● Data below:
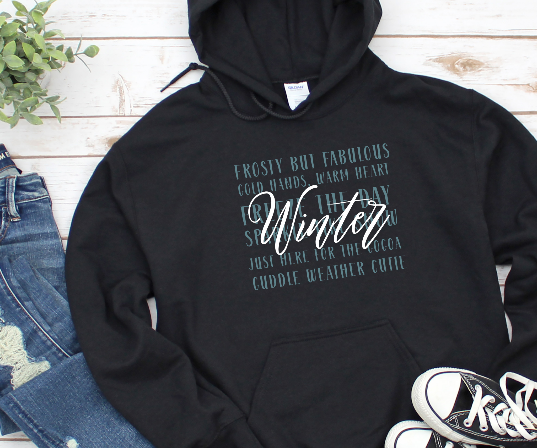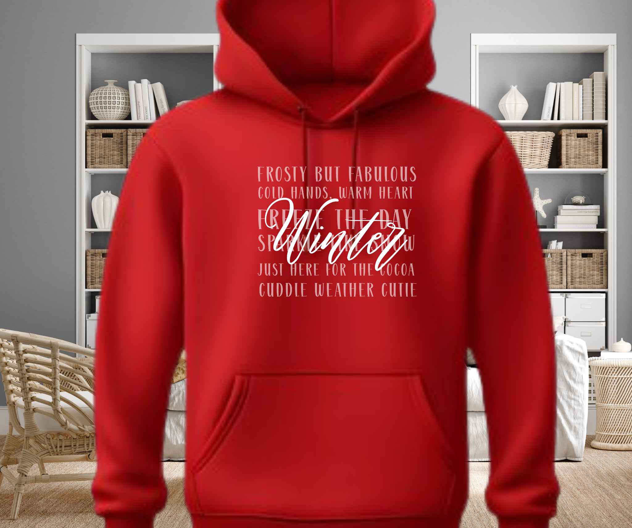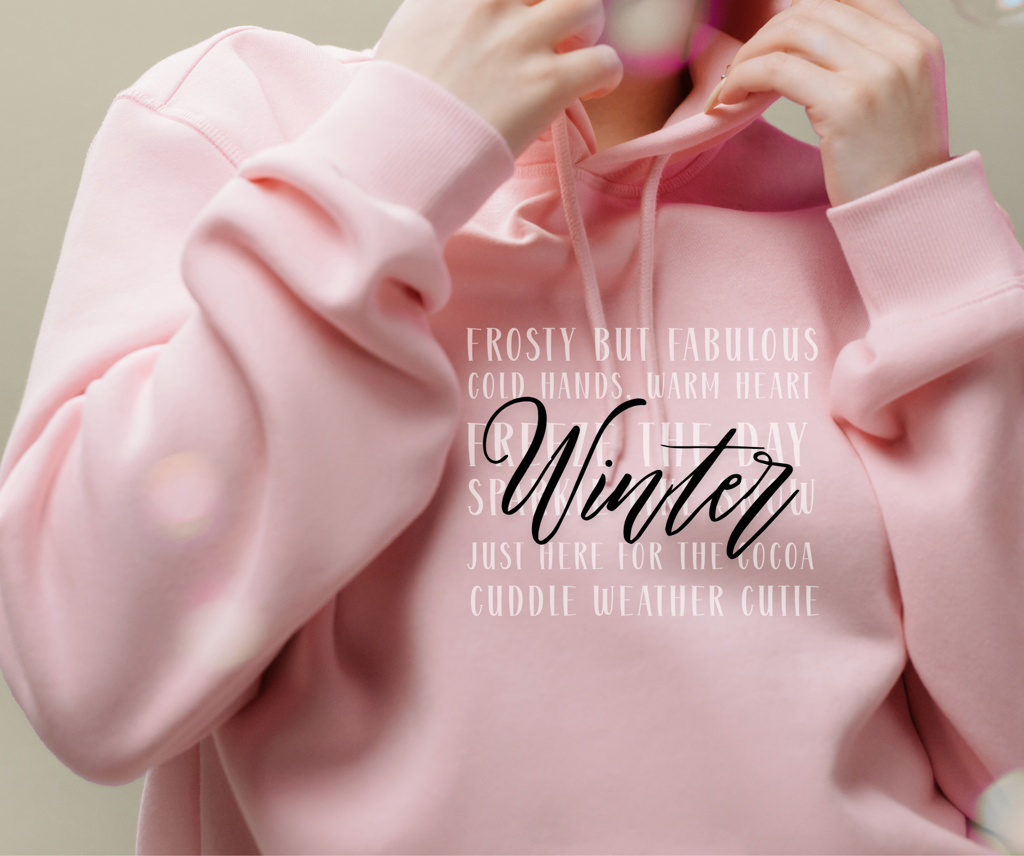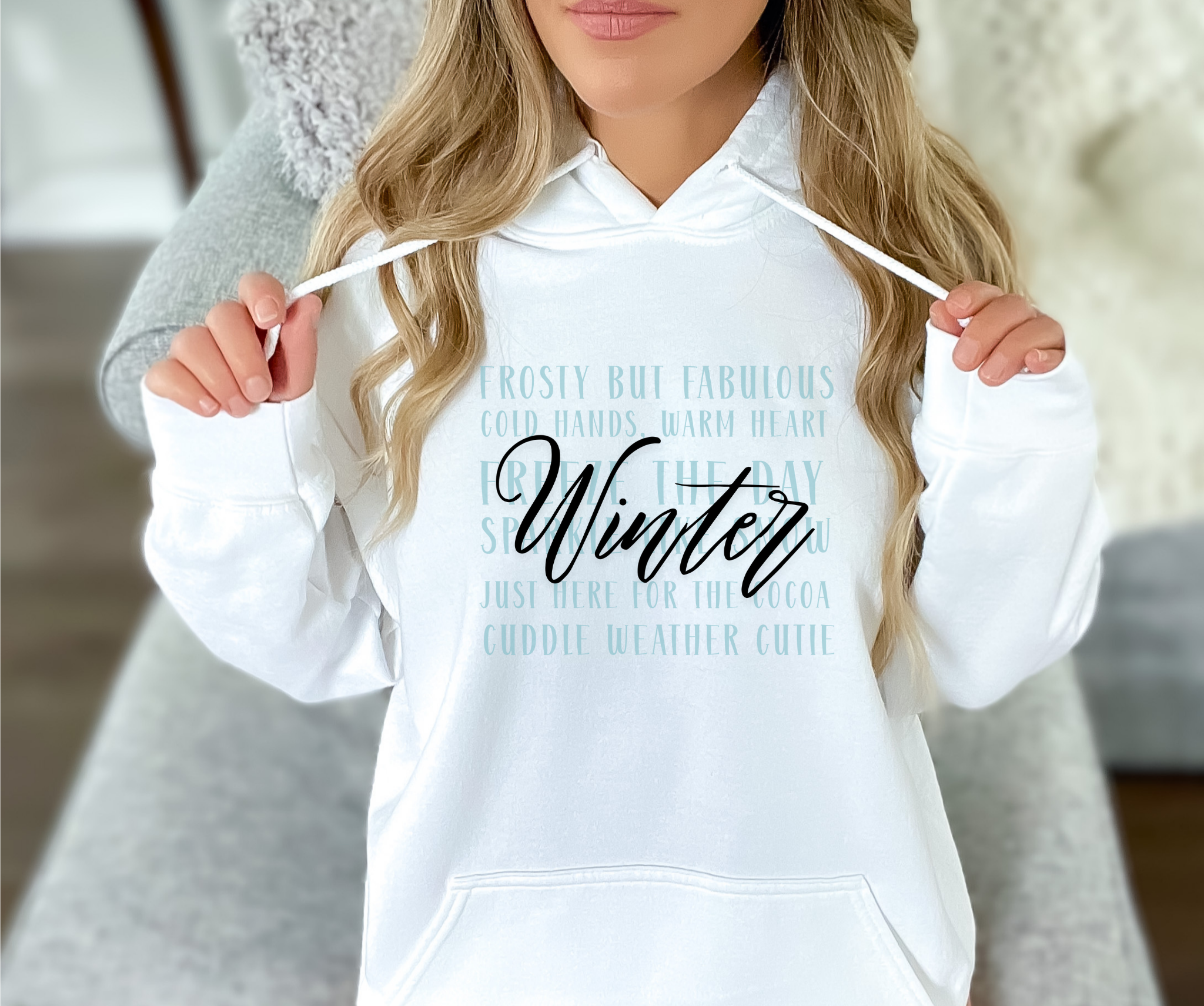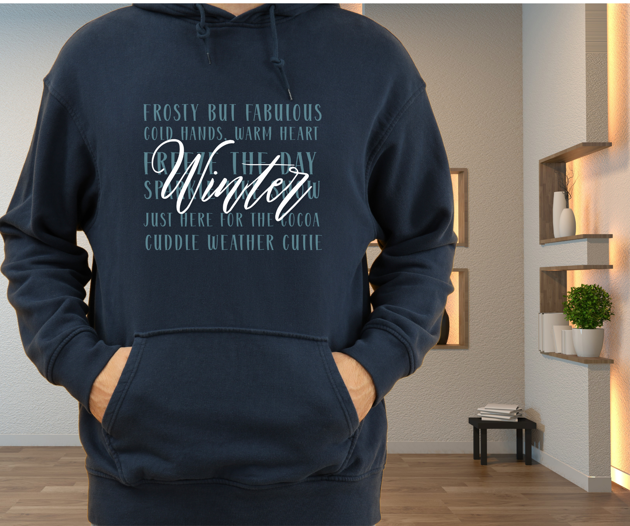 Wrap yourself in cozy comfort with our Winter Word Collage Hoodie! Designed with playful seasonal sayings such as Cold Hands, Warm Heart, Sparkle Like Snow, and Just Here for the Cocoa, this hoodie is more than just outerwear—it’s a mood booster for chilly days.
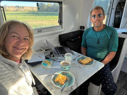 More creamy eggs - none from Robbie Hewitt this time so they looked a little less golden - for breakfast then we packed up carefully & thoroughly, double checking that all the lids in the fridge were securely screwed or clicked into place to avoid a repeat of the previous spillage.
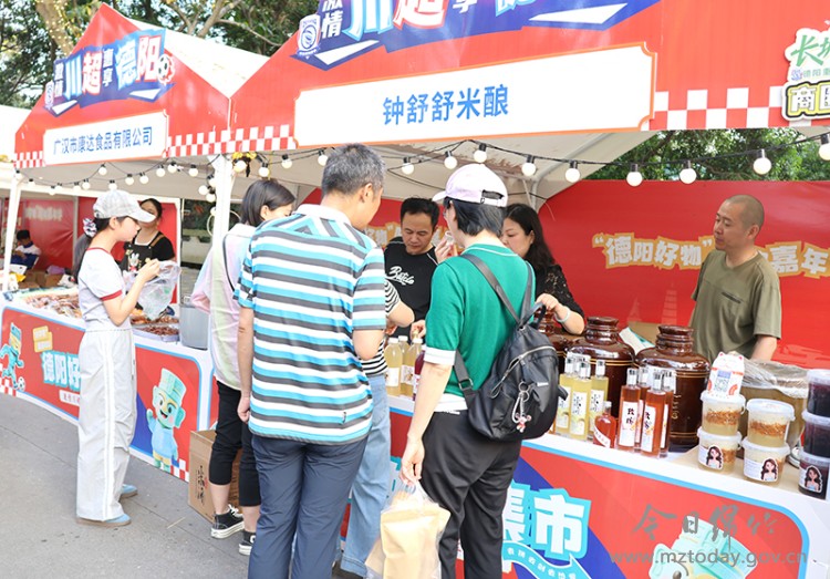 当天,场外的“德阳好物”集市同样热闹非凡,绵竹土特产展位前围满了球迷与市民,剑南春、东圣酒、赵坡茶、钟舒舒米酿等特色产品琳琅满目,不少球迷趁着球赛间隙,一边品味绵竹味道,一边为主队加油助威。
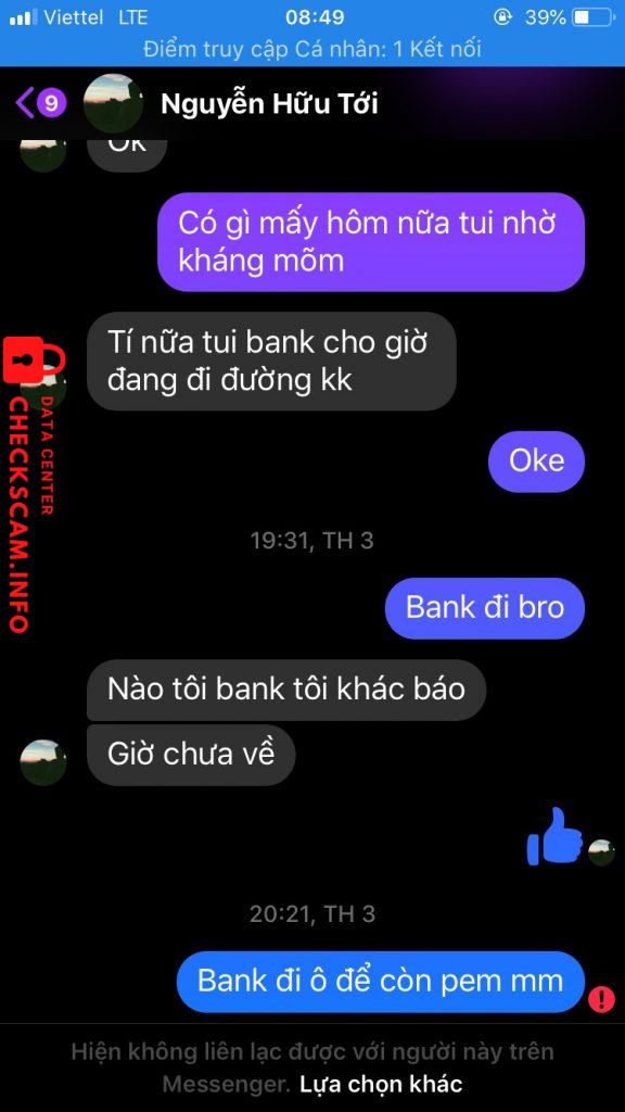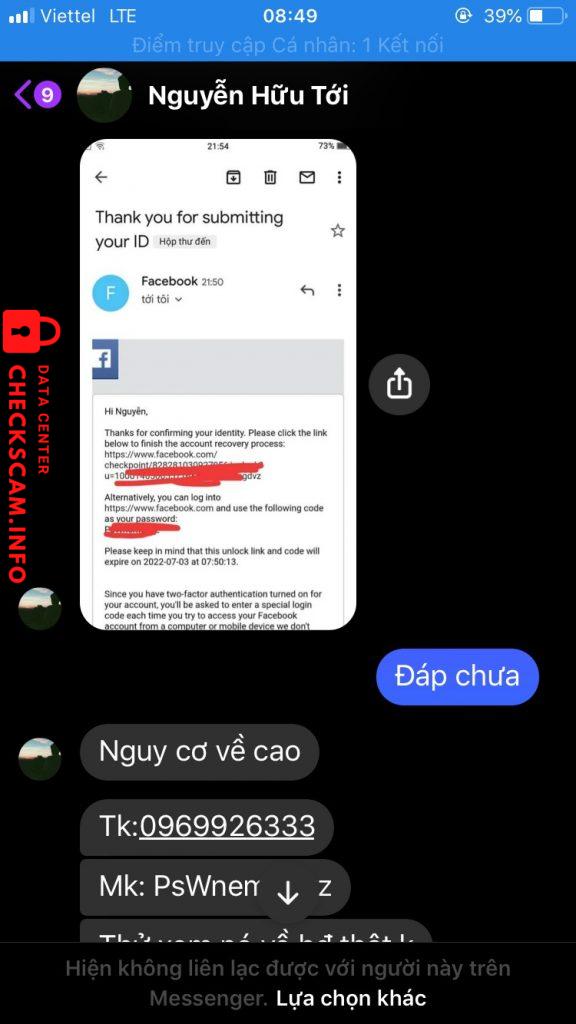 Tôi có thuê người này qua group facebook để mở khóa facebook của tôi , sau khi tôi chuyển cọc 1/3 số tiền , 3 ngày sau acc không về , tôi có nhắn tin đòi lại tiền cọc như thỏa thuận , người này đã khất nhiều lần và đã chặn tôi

● Work instruction: Pictures are to be left out; the listing above is otherwise to be copied exactly.

● Answer to this task:
 Wrap yourself in cozy comfort with our Winter Word Collage Hoodie! Designed with playful seasonal sayings such as Cold Hands, Warm Heart, Sparkle Like Snow, and Just Here for the Cocoa, this hoodie is more than just outerwear—it’s a mood booster for chilly days.
 More creamy eggs - none from Robbie Hewitt this time so they looked a little less golden - for breakfast then we packed up carefully & thoroughly, double checking that all the lids in the fridge were securely screwed or clicked into place to avoid a repeat of the previous spillage.
 当天,场外的“德阳好物”集市同样热闹非凡,绵竹土特产展位前围满了球迷与市民,剑南春、东圣酒、赵坡茶、钟舒舒米酿等特色产品琳琅满目,不少球迷趁着球赛间隙,一边品味绵竹味道,一边为主队加油助威。
 Tôi có thuê người này qua group facebook để mở khóa facebook của tôi , sau khi tôi chuyển cọc 1/3 số tiền , 3 ngày sau acc không về , tôi có nhắn tin đòi lại tiền cọc như thỏa thuận , người này đã khất nhiều lần và đã chặn tôi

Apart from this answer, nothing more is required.